L-Theanine comes out ahead for most readers on the criteria we weight: 3 catalogued goals, OTC dietary supplement, oral dosing, with a Tier-A outcome catalogued. Berberine is the right call when one of the conditionals below applies.
- → If your priority is metabolic health and glucose control, pick Berberine.
- → If your priority is healthspan extension, pick Berberine.
- → If your priority is focus or working memory, pick L-Theanine.
- → If your priority is stress and HPA-axis regulation, pick L-Theanine.
Edge case: Berberine is contraindicated in pregnancy; L-Theanine is the safer pick if that applies.
Default choice: L-Theanine. Lower friction to source, a Tier-A evidence outcome catalogued, and broader goal coverage. Reach for Berberine only if your priority sits squarely in the goals it owns above.
This verdict is generated from each compound's schema (goals, legal status, evidence outcomes, dosing route). It updates automatically as our compound data evolves; the deeper read sits on each individual compound page.
Common questions
What is the difference between Berberine and L-Theanine?

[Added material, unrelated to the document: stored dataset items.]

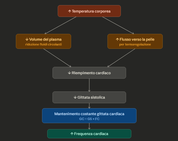 Un altro contributo plausibile è legato a una ridistribuzione del flusso sanguigno dalle aree periferiche ai muscoli in attività, con un meccanismo specularmente inverso a quello osservato prima per la termoregolazione. Infine, la diminuzione della frequenza cardiaca al di sotto dei valori iniziali potrebbe essere spiegata in parte dai normali cambiamenti legati al ritmo circadiano, in particolare se analizziamo i dati di gare che si svolgono nelle ore notturne.
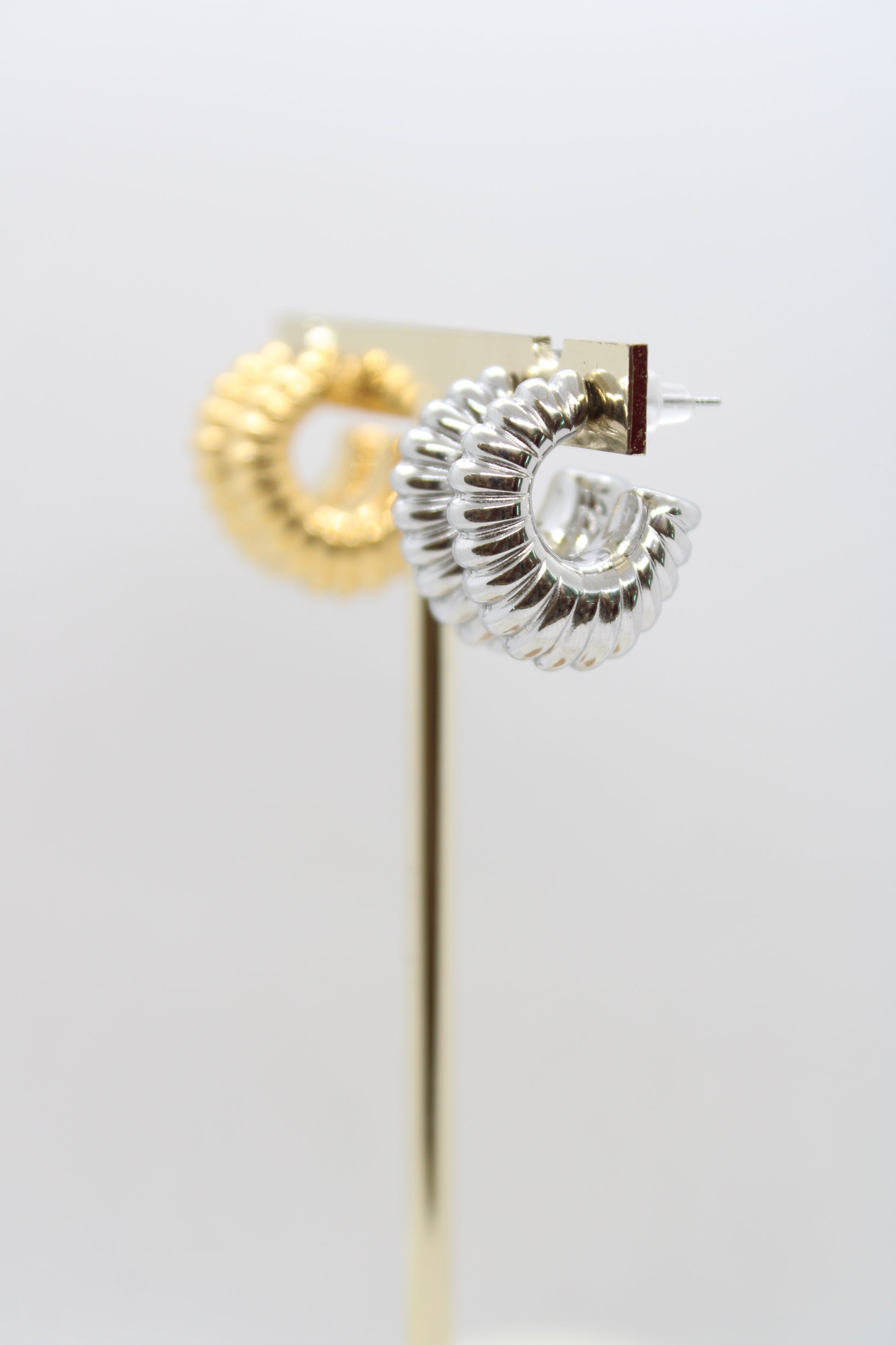Orecchini in acciaio inossidabile con chiusura a vitarella disponibili in silver & gold
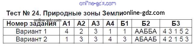 Готовые домашние задания по Естествознанию за 5 класс Тесты Воронина УМК 2015 - Тесты Тест №24. Природные зоны Земли
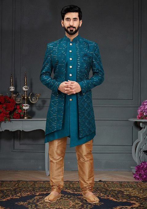 This Peacock Blue Embroidered Indo Western Jacket And Kurta Set For Men is made from premium fabrics, ensuring comfort while keeping you stylish.
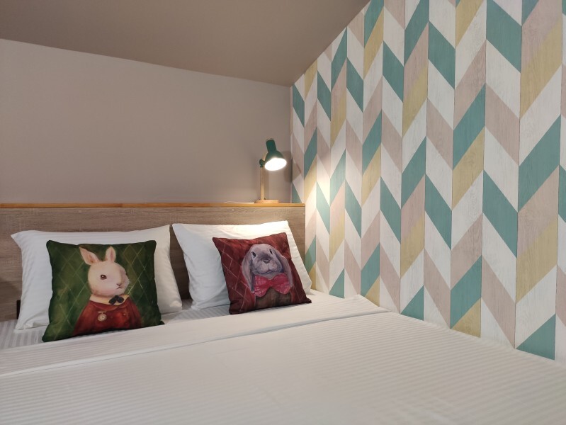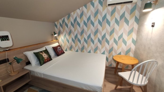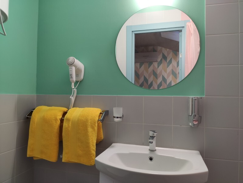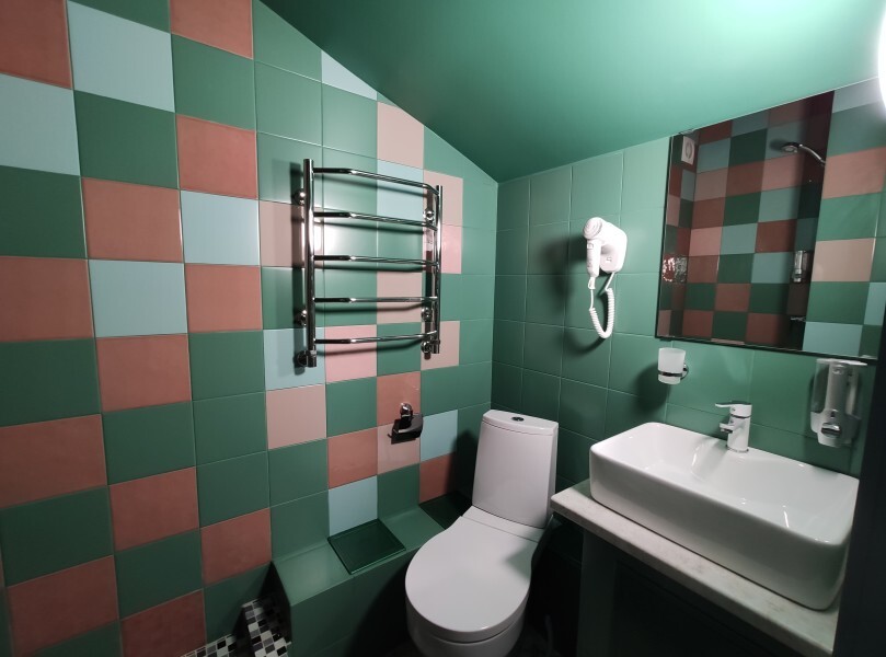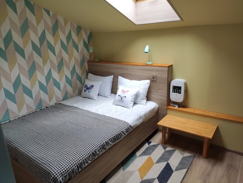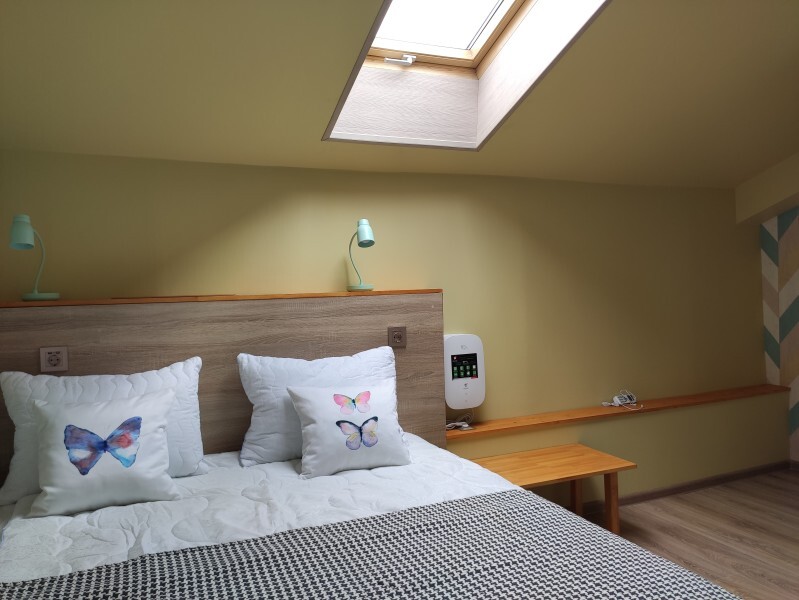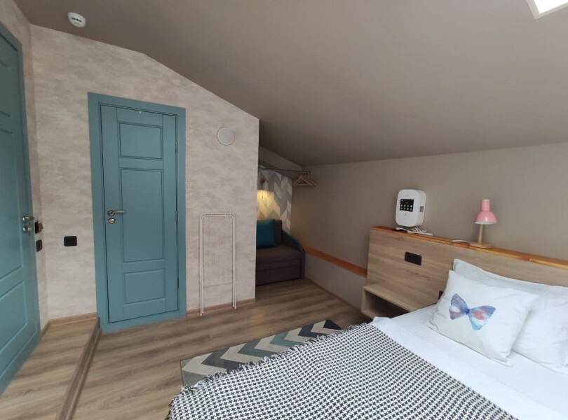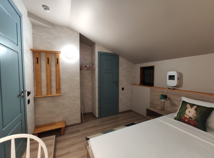 ютный семейный номер с собственным санузлом и мансардным окном. В номере двуспальная кровать с ортопедическим матрасом, есть возможность установить ортопедическую раскладушку с дополнительным спальным комплектом. Комплект полотенец, принадлежности для душа (шампунь, гель), фен, горячая вода из бойлера. Номер оборудован приточно-вытяжной системой вентиляции с бризером (очиститель уличного воздуха) и кондиционером. Мансардное окно со шторкой блэкаут.
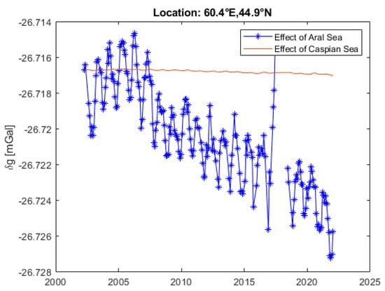 Gravity anomaly time series at a central point (60.4° N, 44.9° E) of the Aral Sea with the gravitational effect of the Caspian Sea at the same location.
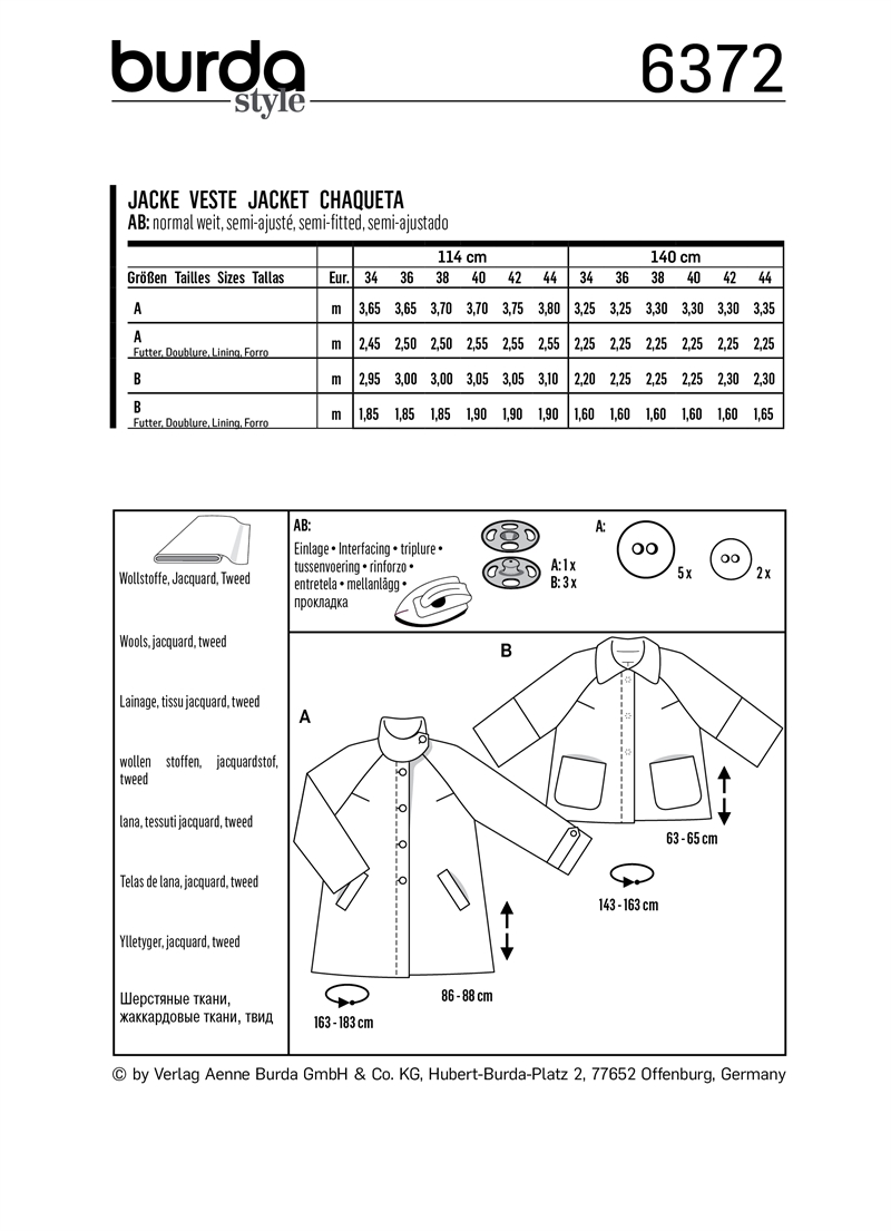 One pattern, two totally different styles: the longer raglan jacket made up in classic houndstooth fabric is a perfect match for Trousers/trousers. The short jacket with stylishly cropped sleeves and a small collar can be teamed with long and narrow skirts for a trendy look.
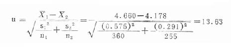 算得的u=13.63>2.58,P<0.01,按 α=0.05检验水准拒绝H0,接受H1,可认为该地男女红细胞数的均数不同,男性高于女性。
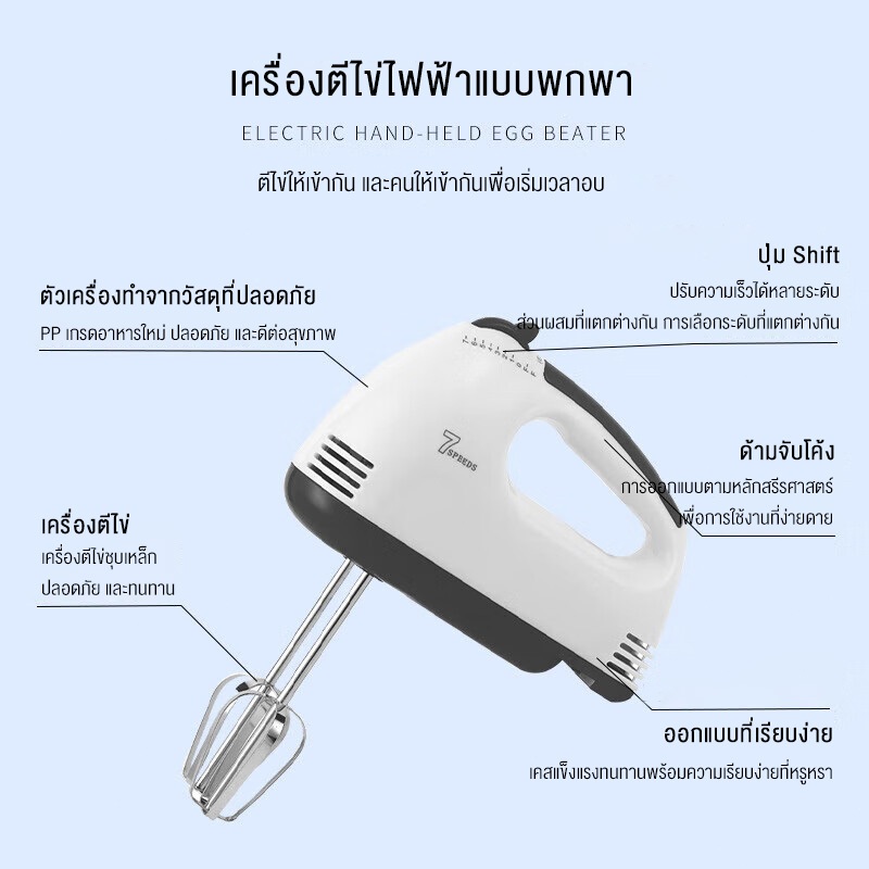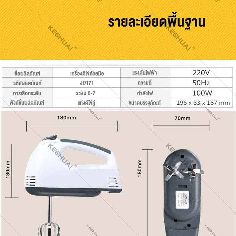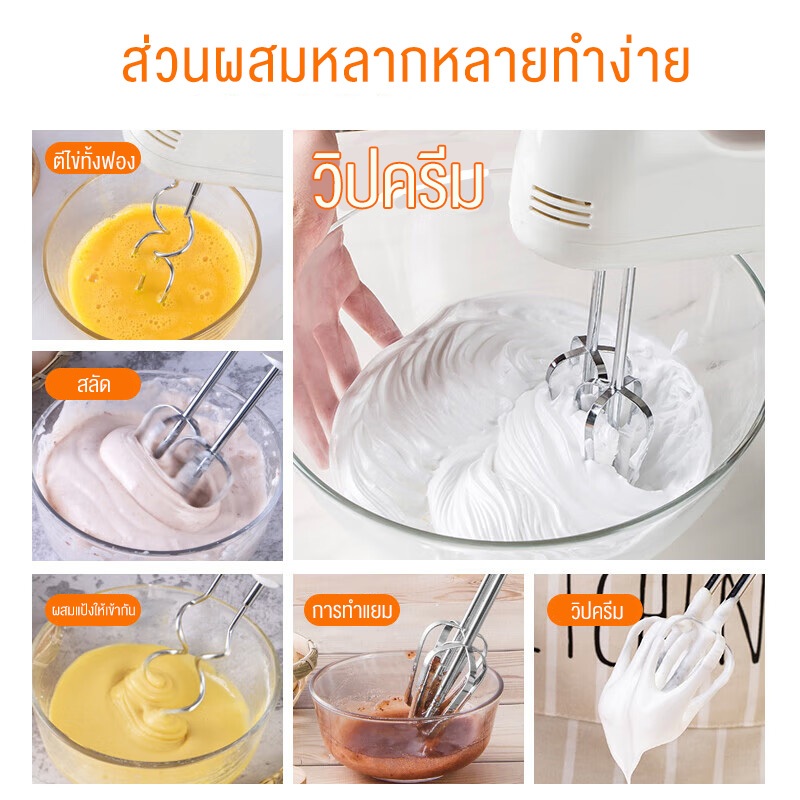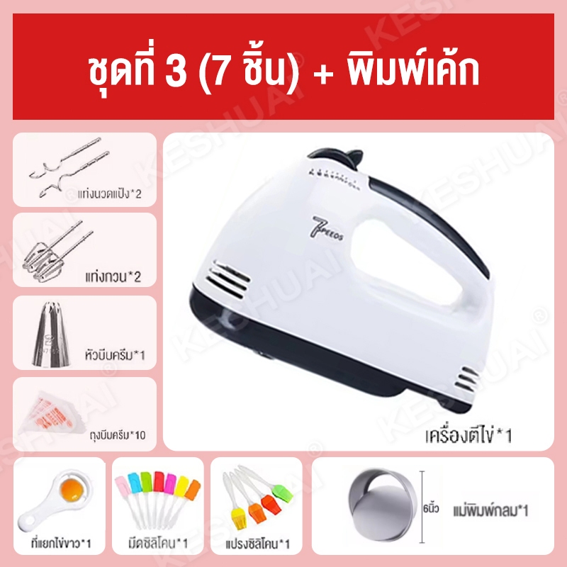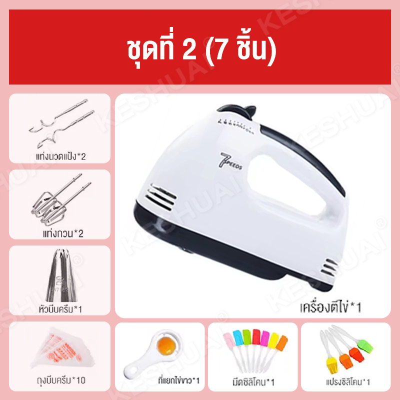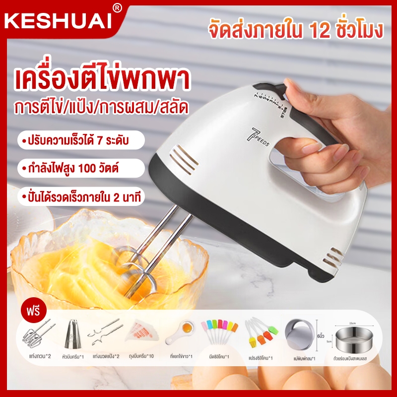 KESHUAI เครื่องปั่นผสมแป้งไฟฟ้า ควบคุมความเร็ว 7 สปีด ผสมอาหาร ตีไข่ ตีวิปครีม White Food Mixer

Berberine and L-Theanine differ in category (natural vs supplement), mechanism, and typical dosing. See the side-by-side table for full details.
Which has a longer half-life, Berberine or L-Theanine?
Berberine half-life is 3 hours; L-Theanine half-life is 1.5 hours.
Can you stack Berberine with L-Theanine?
Stack compatibility depends on mechanism overlap, legal status, and individual response. Check each compound page for specific interactions and contraindications before combining.